From 1922 to 1929 the Metropolitan Town Planning Commission (VA 3131), financed partly by Melbourne metropolitan municipalities and partly by contributions from the Railways, Tramways, Harbour Trust, and the Board of Works, operated in an advisory and honorary capacity. Its work included research and recommendations on urban development and town planning. Its 1929 report (concerning zoning, transport, recreation, harbours and rivers, building regulation, and conservation) provided a model for those urging government to enact a statutory planning regime and for those municipalities undertaking land use zoning up to 1944.

As part of postwar reconstruction, the Commonwealth prompted the States to undertake both town and regional planning. In Victoria, town planning functions were set up on a statutory basis administered through the Town and Country Planning Board (T&CPB) (VA 516). Regional planning (cf. regional development) was carried out through the State Regional Boundaries Committee and subsequently by the Central Planning Authority.

The work of the T&CPB in the preparation, amendment, administration and enforcement of planning schemes and interim development orders included:

co-ordinating and advising planning authorities responsible for developing and administering statutory planning schemes, and

advising the Minister whether or not schemes and scheme amendments prepared by municipalities and other planning authorities should be approved and gazetted.

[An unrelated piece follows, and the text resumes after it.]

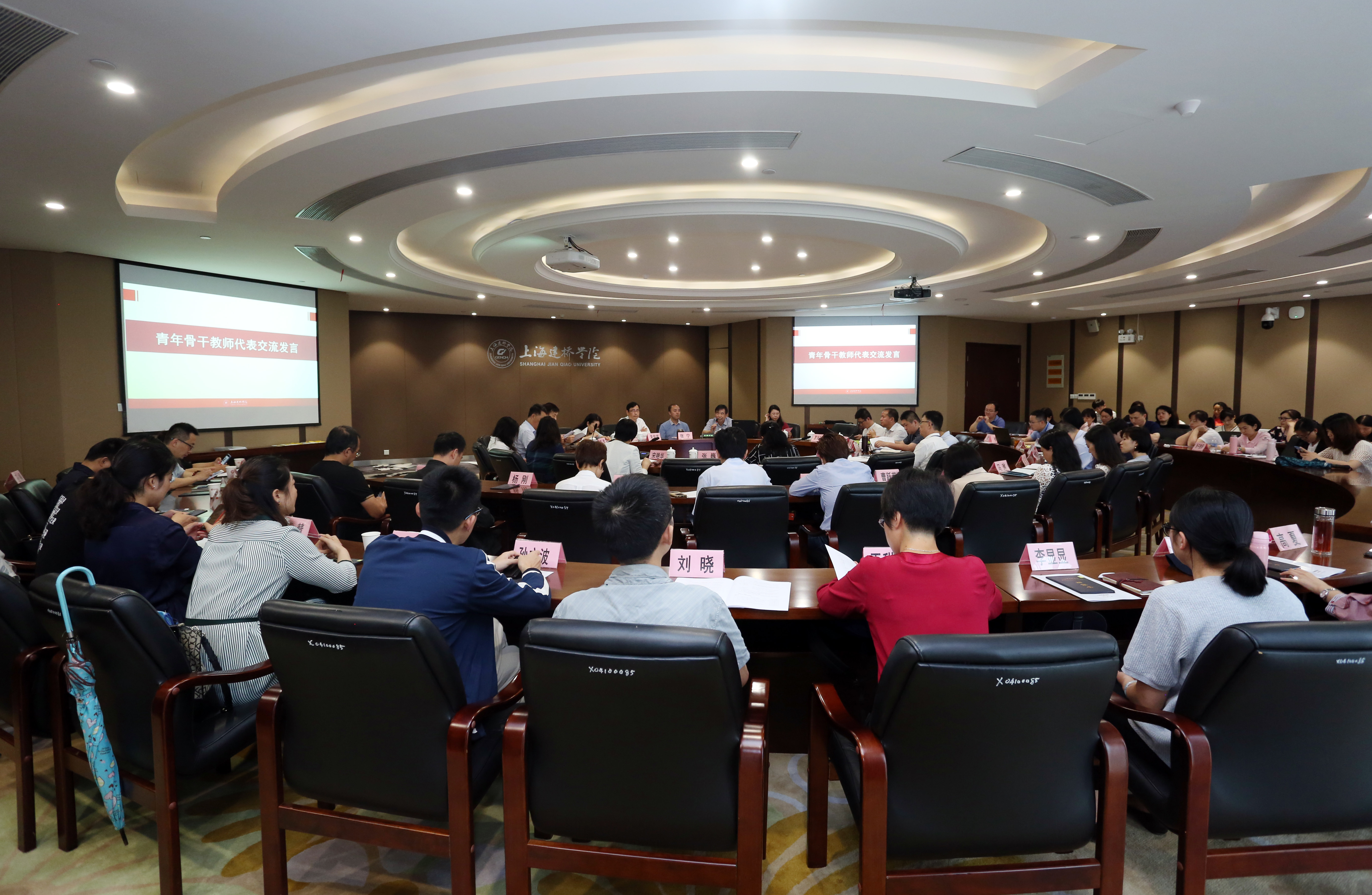 6月21日,青年骨干人才培养计划总结暨2018年专业技术职务聘任会在M612会议室举行。校长朱瑞庭,各学院、各职能部门领导,骨干教师、晋升专业技术职务教师近110人出席本次会议。会议由人事组织处副处长施荣瑜主持。会议伊始,人事组织处处长张宁宣读上海建桥学院2018年晋升专业技术职务名单,校专业技术职务聘任委员会主任朱瑞庭为晋升专业技术职务的教师颁发聘书。2018年,我校共有4名教师晋升正高、14名教师晋升副高、33名教师晋升中级职称,为近5年来晋升高级职称人数最多的一年。随后,信息技术学院谷伟、艺术设计学院汤美娜、商学院王晨岑、校办范培英分别作为教师、思政和行政代表作交流发言。他们各自分享了进入骨干计划以来,在师德师风、教学科研、育人工作、管理工作、自身专业发展等方面取得的成绩和进步,并感谢学校为青年教师成长搭建的各种平台和提供的优质资源。艺术设计学院院长葛洪波代表培训团队交流了二级学院如何做好骨干青年教师的培养。他提出要配合学校政策,制定学院青年骨干教师的激励办法,找准抓手,加强过程管理,组织多种形式的交流活动来助推青年骨干教师成长。机电学院都海良副院长作为指导教师代表交流了该如何关

The Development of Strategic Planning 1968 to 1988

After the overhaul of state planning legislation in 1968 the functions undertaken by the Town and Country Planning Board were broadened to include

the co-ordinated development of statewide general land use planning policies to provide effective guidance for the preparation of statutory planning schemes and co-ordination of planning mechanisms available to various government agencies and statutory authorities

preparation of Statements of Planning Policy with the assistance of the State Planning Council, later the State Co-ordination Council. These bodies consisted of representatives of various service, development and conservation authorities and were to develop broad scale, strategic land use policy and produce statements of planning policy for specific areas or types of land use which when approved by the Minister and gazetted, became government policy and legally binding on both councils and regional authorities. Statements of Planning Policy which came into operation were:

Statement of Planning Policy 1 (Westernport) 1970 (varied 1976)
Statement of Planning Policy 2 (Mornington Peninsula) 1970
Statement of Planning Policy 3 (Upper Yarra Valley and Dandenongs)
1971 (varied 1979)
Statement of Planning Policy 4 (Yarra River) 1971 (varied 1979)
Statement of Planning Policy 5 (Highway Areas) 1973
Statement of Planning Policy 6 (Land Use and Aerodromes) 1973
Statement of Planning Policy 7 (Geelong) 1973
Statement of Planning Policy 8 (Macedon Ranges and Surrounds) 1975
Statement of Planning Policy 9 (Central Gippsland) 1975

It was envisaged that regional planning authorities established under the post-1968 legislation would operate in most, if not all, the regions of Victoria. It was also envisaged that the Statements of Planning Policy would provide the guidelines for regional authorities to develop regional planning schemes (statutory) to be administered by local municipalities. However most of those regional planning authorities which were established were given primarily a strategic planning role rather than a statutory planning role.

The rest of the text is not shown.